Two approaches for detecting streaks in astronomical images. First approach is based on Hough Transform and Morphological Mathematics, the second one is based on Neural Networks.

Hough processes

hough_debug.py

Apply the detection processing on a single block at the address (--subcrop_i, --subcrop_j) in the 4x8 matrix describing the mosaic.

It saves lines detected by Hough and an image diplaying different intermediate results.

Example :

python hough_debug.py --i "your_image_path.fits" --o "output_path.png" --subcrop_i 0 --subcrop_j 0 --hough 200

  • --i : fits file location;
  • --o : output location, we want to save an image here;
  • --subcrop_i : row address in the 4x8 matrix;
  • --subcrop_j : columns address in the 4x8 matrix;
  • --hough : minimum length of line, line segments shorter than this are rejected.

hough_full_process.py

Apply the detection processing on the full mosaic by processing blocks in parallel.
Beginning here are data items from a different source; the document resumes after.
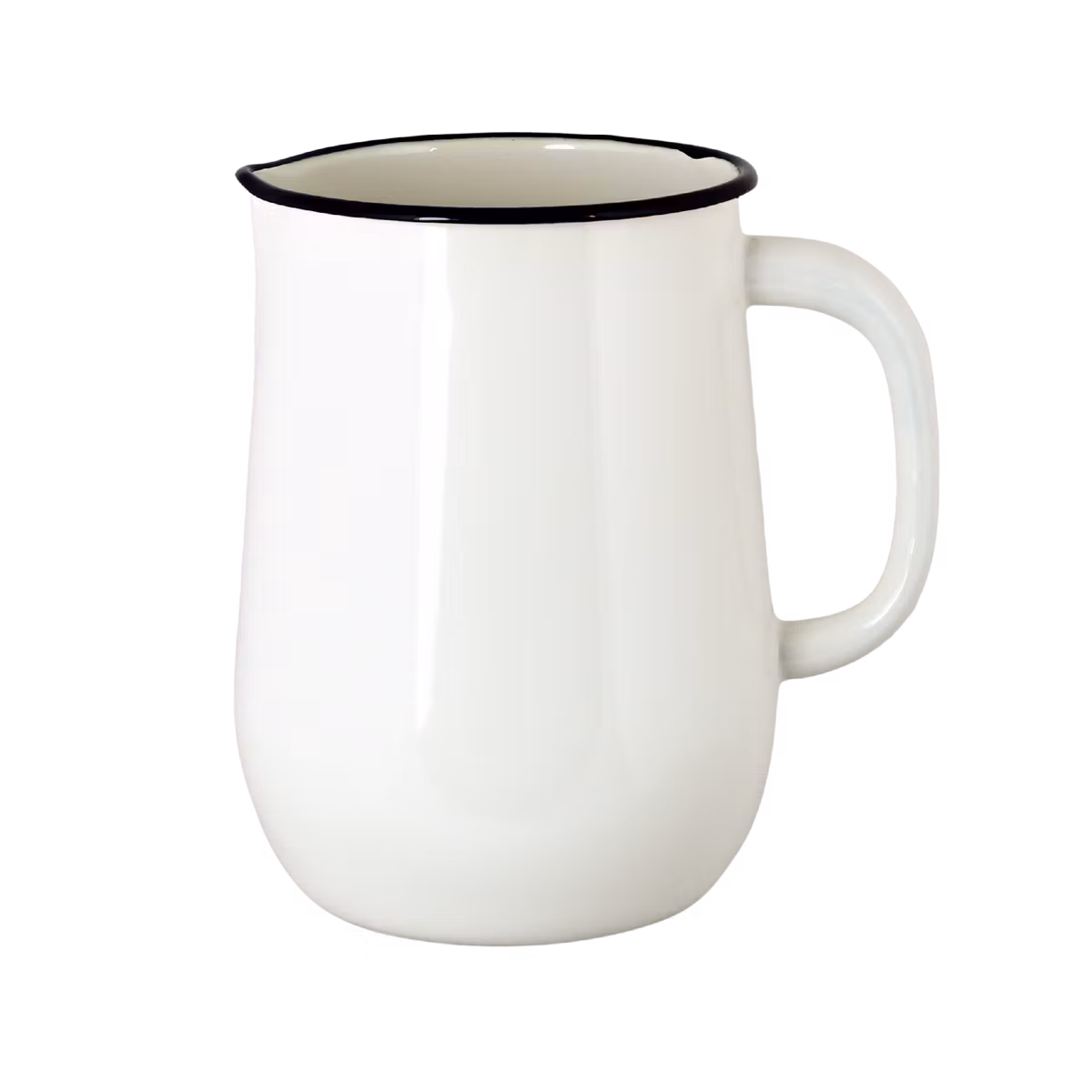 Klassisk, gammaldags kanna i vit emalj med svart kant. Kannan rymmer 2,5 liter och kan användas till både varm och kall dryck. Även fin som vas med en blomsterb
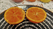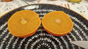Colour is beautiful. Flesh has a faint blood orange smell to me. Taste is very mild, somewhat sweet and a little watery. It's a mix of blood orange, mandarin and some pomelo, no surprise there. It's very high juiciness and tender flesh seem to be on par with Melogold. Segments can be eaten with membranes. It's possible to peel them off but it's very messy.
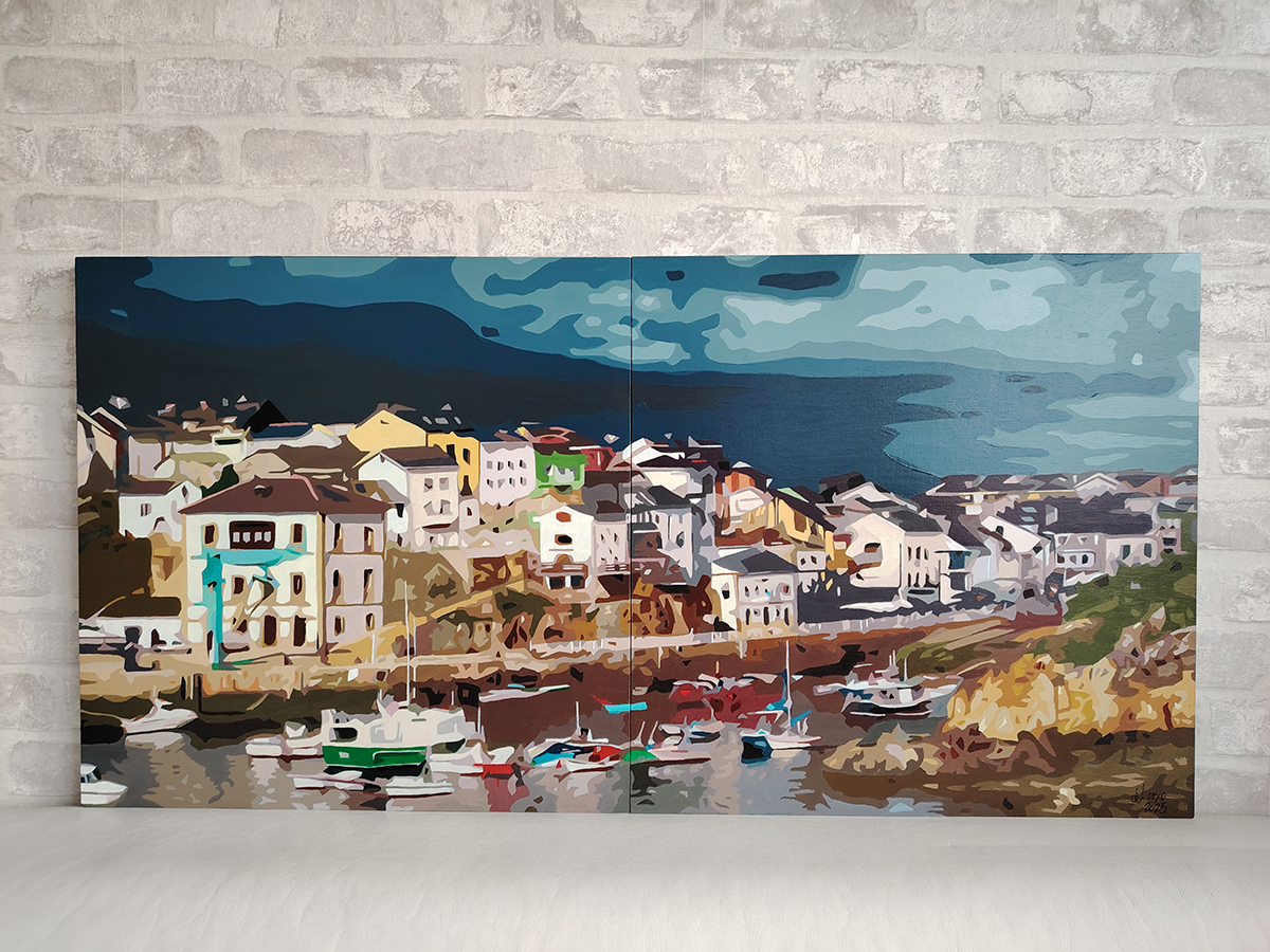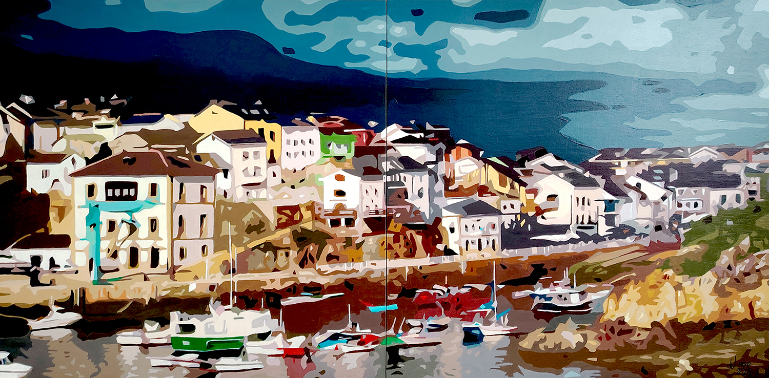 Esta obra es una vibrante interpretación del puerto pesquero de Tapia de Casariego, capturada mediante una técnica de acrílico sobre en un díptico. Con unas dimensiones totales de 100×50cm, la pieza se divide en dos bastidores de madera cuadrados que, al unirse, ofrecen una visión panorámica y contemporánea de este emblemático rincón del occidente asturiano. La composición destaca por un estilo que bordea la abstracción geométrica, donde las formas se simplifican en planos de color bien definidos, eliminando el detalle minucioso para centrarse en la esencia estructural y lumínica del paisaje costero.

It saves lines detected by Hough in one file per block and an image displaying the full mosaic with the final results of the process.

Example:

  • If you want to save the lines in a directory :

python hough_full_process.py --i "your_image_path.fits" --o "output_path.png" --hough 200

  • If you do not want to save the lines in a directory :

python hough_full_process.py --i "your_image_path.fits" --o "output_path.png" --no-save_lines --hough 200

  • If you already saved lines in a directory for this output :

python hough_full_process.py --i "your_image_path.fits" --o "output_path.png" --load_lines --hough 200

  • --load_lines : load lines detected by Hough instead of running the hough detection process
  • --no-save_lines : the lines detected by Hough will not be saved in a directory

Data Set Generator for NN Training

Generate 64x64 patches with synthetic streaks in it.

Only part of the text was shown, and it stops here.